Wide logging: Stripe's canonical log line pattern (blog.alcazarsec.com)

by alcazar 12 comments 21 points
Read article View on HN

12 comments

[−] formerly_proven 59d ago
It's strange how undercooked logging is (not just in standard libraries, but in general) given everyone and every app does it.
[−] alcazar 59d ago
It's one of those things that keeps getting reinvented over and over. Most people don't want to put in the effort to perfect it.

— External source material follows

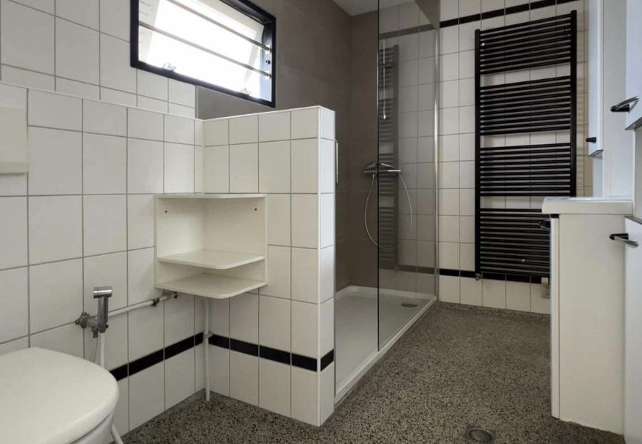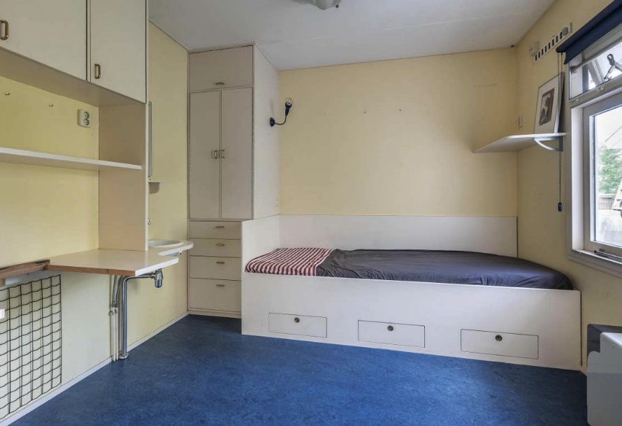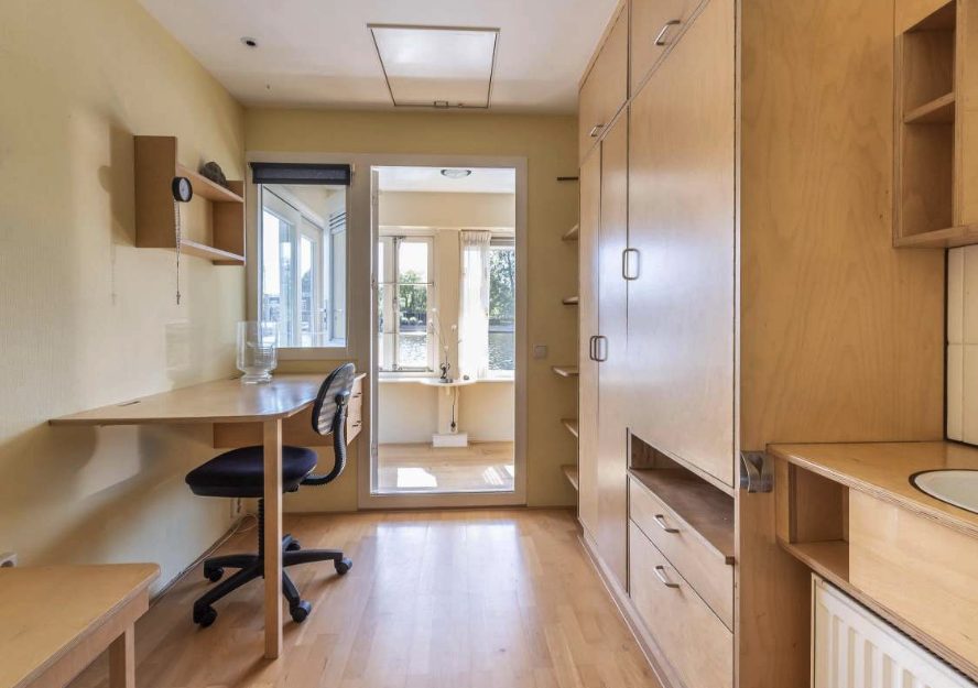 Achter de keuken vind je de badkamer, met douche, wastafelmeubel en tweede toilet. De ouderslaapkamer ligt aan de waterzijde en heeft een vaste kast. Daarnaast zijn er twee extra kamers: één met vaste wastafel en een tweede met zicht op de tuin. De vierde kamer is compact en perfect als werkkamer of kinderkamer.

For the longest time, I've done the bare minimum and just used console.log/print for whatever I thought I needed in that particular piece of code; without any coherent system.

[−] bradleybuda 59d ago
This is all good advice but it's not what I would traditionally think of as "logging" - it's something more like what the industry calls APM or tracing.

> For a web service, that usually means one log event at the end of every request.

The point of a log, as I have seen it used, is to understand what's going on during a request. Yes, some of that is timing / success / failure information, but you also need:

- Logical tracing - at a high level, what decisions did we make (authz, business logic) when serving this request

- Partial failures or warnings - the request may have succeeded, but we may have failed or timed out a call to a dependent service and delivered a partially degraded response as a result

- Tracepoints to support active development - how often do we hit a certain codepath (to help developers roll out or deprecate features)

It's useful to distinguish between "context" (things we know about a request), timing, success, and plain old logging (using human language to describe to an operator what the system is doing). Context should be included with every line - I strongly agree with OP's proposal of wide events, don't make operators ever JOIN if you can avoid it - but it won't always be the same because we learn things about the request as we process it. Yes, if you wait until the end of a request, you will have maximal context, but at the loss of fine-grained detail during processing.

[−] alcazar 59d ago
I don't believe this should replace traditional logging but rather complement it. It transforms breadcrumbs into unified records that are easier to query during an incident.

I completely agree with your plain-old logging list. I would add canonical log lines in addition to the normal log traces. They serve as the summary at the end.

[−] zamalek 59d ago
This is just structured logging. Slog in go, tracing in rust, serilog in C#, etc. You should be combining this with the likes of otel or datadog, which will keep those fields structured and filterable.
[−] stephantul 59d ago
I’ve never been so conflicted about an article. It has clearly been generated by an llm, but still has useful content. It’s a good article, but…
[−] deskamess 59d ago
Are there any restrictions on how short the error_slug should be? The meat of some of my errors can be pretty long (for example an ffmpeg error). There are also many phases to a job - call them tasks. Can a canonical log line be a collection of task log lines?
[−] joaonmatos 59d ago
This is not much different than CloudWatch metric events. At Amazon we output a service log or Embedded Metrics Format event with these things.
[−] whorleater 59d ago
Honestly I'm kinda down on most of FB's tech, but them pioneering Scuba was pretty sick. It has all the wide logging/apm/tracing/etc, and it's hard to describe how useful it is if you haven't seen it in action.